Reproduction of part of the material below, pictures omitted: copy exactly, and only, the lines starting with the one with "户型设计上,例如143平的户" and going on through the one with "X is What do".

(Dataset records Opens)

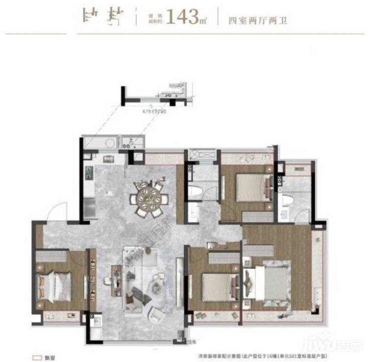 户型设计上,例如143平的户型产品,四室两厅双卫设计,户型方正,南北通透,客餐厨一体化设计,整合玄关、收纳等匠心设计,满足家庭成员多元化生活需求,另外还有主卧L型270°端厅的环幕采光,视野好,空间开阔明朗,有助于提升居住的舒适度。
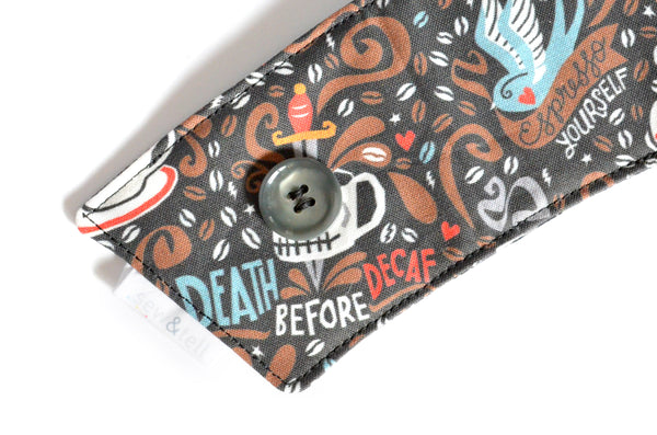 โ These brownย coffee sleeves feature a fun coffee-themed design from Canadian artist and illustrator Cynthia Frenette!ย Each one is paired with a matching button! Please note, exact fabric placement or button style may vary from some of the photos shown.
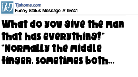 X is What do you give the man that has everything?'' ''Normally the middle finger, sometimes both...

(Dataset records Closes)
(Dataset records Opens)

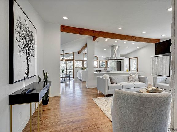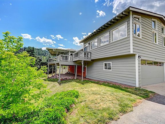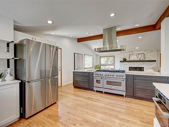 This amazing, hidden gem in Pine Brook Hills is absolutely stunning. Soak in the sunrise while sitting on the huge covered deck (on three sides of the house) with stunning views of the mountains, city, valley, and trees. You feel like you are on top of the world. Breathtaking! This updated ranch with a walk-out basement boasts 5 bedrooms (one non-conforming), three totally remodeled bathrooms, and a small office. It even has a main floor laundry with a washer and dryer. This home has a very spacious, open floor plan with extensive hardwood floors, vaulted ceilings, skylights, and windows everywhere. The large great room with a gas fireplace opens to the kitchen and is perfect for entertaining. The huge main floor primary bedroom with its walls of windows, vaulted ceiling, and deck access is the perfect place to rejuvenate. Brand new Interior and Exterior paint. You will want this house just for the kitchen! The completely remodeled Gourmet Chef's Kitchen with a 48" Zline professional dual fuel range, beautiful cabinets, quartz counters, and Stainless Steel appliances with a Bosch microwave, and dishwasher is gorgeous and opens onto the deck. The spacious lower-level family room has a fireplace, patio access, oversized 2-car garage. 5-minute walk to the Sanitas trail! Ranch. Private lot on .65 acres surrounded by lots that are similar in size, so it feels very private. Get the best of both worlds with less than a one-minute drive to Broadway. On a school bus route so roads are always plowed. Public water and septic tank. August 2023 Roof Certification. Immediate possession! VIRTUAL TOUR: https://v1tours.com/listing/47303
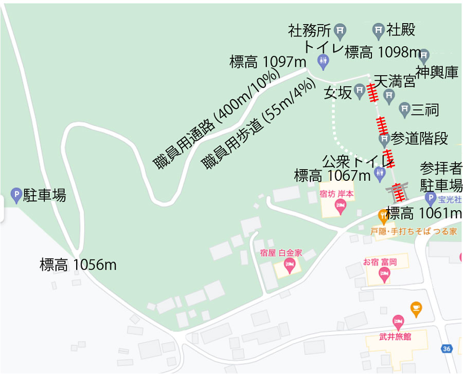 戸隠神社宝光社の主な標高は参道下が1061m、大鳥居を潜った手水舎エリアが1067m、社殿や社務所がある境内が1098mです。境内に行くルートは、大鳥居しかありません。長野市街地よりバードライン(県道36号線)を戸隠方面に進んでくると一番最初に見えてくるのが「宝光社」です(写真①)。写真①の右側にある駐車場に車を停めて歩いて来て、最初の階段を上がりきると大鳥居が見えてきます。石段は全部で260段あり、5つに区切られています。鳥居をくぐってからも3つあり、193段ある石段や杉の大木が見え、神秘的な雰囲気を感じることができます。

(Dataset records Closes)
(Dataset records Opens)

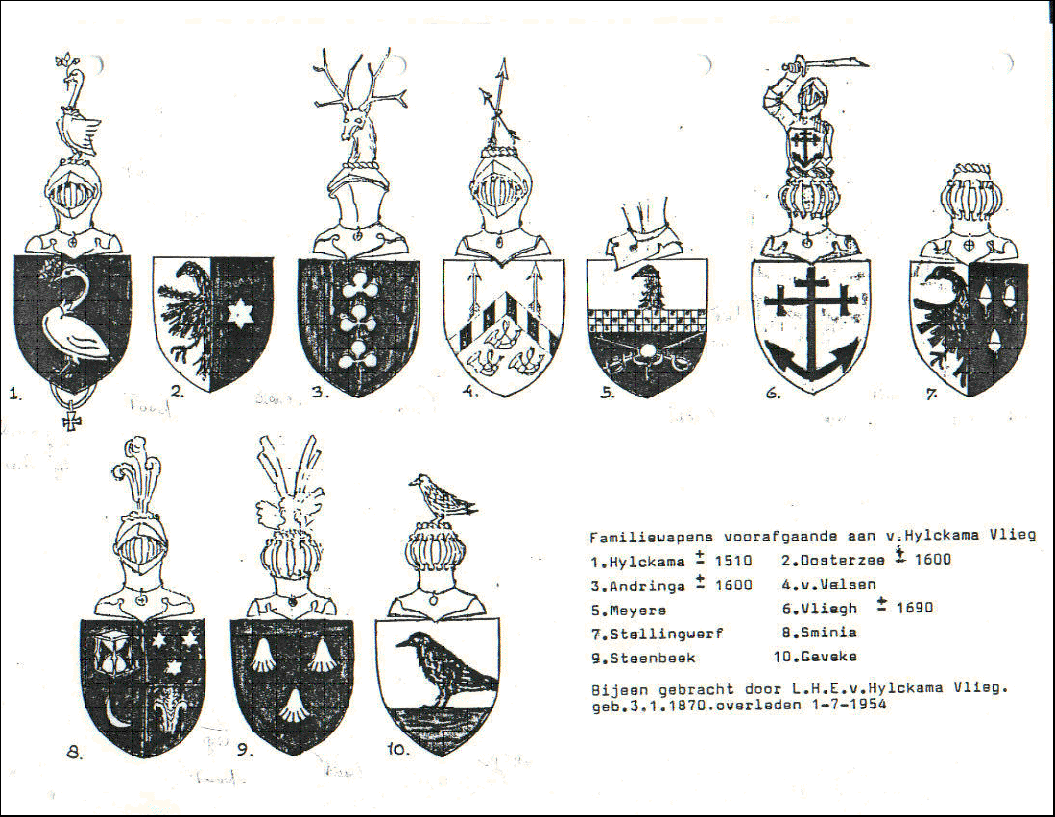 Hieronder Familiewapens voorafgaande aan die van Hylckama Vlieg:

(Dataset records Closes)

**Answer to this exercise**
 户型设计上,例如143平的户型产品,四室两厅双卫设计,户型方正,南北通透,客餐厨一体化设计,整合玄关、收纳等匠心设计,满足家庭成员多元化生活需求,另外还有主卧L型270°端厅的环幕采光,视野好,空间开阔明朗,有助于提升居住的舒适度。
 โ These brownย coffee sleeves feature a fun coffee-themed design from Canadian artist and illustrator Cynthia Frenette!ย Each one is paired with a matching button! Please note, exact fabric placement or button style may vary from some of the photos shown.
 X is What do you give the man that has everything?'' ''Normally the middle finger, sometimes both...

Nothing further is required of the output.